#### [Task to complete]
Nothing but a number should be given: the count of lines in the listing that include "This".

#### [Listed records]

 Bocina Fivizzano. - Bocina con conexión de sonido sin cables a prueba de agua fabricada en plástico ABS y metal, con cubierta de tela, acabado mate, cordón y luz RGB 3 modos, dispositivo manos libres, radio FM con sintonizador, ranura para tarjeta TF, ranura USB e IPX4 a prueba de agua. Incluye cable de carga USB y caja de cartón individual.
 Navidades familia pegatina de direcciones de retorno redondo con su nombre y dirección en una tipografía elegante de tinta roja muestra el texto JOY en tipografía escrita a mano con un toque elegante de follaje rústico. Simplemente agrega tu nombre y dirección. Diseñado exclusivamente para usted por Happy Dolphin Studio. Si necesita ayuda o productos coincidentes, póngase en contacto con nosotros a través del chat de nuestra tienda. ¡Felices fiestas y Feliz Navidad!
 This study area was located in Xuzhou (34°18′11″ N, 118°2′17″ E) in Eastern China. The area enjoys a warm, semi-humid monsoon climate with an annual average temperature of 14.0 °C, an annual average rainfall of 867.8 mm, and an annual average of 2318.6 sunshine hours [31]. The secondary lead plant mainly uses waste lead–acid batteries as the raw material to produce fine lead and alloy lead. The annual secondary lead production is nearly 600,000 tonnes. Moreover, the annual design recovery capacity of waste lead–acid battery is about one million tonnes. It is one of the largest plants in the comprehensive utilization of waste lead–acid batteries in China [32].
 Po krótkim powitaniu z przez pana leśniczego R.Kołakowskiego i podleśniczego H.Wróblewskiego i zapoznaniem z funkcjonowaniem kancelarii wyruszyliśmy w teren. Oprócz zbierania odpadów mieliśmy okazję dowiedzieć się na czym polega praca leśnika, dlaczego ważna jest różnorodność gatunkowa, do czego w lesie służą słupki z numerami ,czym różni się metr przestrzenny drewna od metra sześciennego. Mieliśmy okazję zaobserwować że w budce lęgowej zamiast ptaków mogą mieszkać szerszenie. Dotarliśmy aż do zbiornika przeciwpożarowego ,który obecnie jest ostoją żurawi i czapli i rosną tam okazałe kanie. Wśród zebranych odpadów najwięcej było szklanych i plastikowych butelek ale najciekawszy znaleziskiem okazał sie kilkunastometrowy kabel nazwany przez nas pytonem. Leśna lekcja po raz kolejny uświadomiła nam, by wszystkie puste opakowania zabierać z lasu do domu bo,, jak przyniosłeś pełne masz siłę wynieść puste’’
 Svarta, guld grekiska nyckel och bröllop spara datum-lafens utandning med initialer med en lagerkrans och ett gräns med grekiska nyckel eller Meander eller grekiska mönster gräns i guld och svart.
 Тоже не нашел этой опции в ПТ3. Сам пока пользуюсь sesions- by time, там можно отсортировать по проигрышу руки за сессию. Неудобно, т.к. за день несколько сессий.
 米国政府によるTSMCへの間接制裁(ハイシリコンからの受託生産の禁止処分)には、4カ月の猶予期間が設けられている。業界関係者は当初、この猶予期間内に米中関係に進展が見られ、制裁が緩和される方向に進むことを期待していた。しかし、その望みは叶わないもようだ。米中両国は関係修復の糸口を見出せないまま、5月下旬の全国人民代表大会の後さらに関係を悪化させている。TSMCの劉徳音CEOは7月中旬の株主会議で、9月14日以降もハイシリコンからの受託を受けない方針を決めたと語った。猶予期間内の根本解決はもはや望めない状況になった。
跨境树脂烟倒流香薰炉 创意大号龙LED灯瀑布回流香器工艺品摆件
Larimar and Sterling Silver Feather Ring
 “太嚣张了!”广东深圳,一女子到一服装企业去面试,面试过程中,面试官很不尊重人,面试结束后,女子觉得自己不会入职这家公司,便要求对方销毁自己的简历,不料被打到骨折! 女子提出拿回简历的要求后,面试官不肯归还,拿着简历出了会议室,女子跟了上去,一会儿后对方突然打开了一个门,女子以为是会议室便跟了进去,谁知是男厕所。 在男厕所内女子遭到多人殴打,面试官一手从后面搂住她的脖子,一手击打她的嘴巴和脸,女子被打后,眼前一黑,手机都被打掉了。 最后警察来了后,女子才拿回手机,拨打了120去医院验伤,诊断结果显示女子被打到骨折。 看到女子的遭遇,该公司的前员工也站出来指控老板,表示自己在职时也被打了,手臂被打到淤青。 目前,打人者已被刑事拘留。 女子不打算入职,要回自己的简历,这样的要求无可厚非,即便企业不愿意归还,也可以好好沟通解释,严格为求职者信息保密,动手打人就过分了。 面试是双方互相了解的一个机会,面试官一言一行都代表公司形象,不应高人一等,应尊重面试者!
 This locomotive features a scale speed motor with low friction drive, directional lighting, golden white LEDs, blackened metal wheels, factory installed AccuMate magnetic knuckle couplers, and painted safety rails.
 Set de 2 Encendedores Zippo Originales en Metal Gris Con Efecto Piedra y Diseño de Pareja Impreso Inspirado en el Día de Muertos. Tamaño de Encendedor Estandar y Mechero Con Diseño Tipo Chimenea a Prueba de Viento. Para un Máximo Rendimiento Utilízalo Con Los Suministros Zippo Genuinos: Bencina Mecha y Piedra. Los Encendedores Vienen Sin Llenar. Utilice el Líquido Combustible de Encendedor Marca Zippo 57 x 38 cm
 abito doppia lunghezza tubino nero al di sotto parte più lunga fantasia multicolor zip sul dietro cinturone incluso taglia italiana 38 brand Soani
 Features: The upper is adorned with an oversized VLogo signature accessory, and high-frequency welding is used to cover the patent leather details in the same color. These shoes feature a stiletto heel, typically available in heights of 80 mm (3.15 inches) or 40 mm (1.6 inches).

#### [Expected answer]
2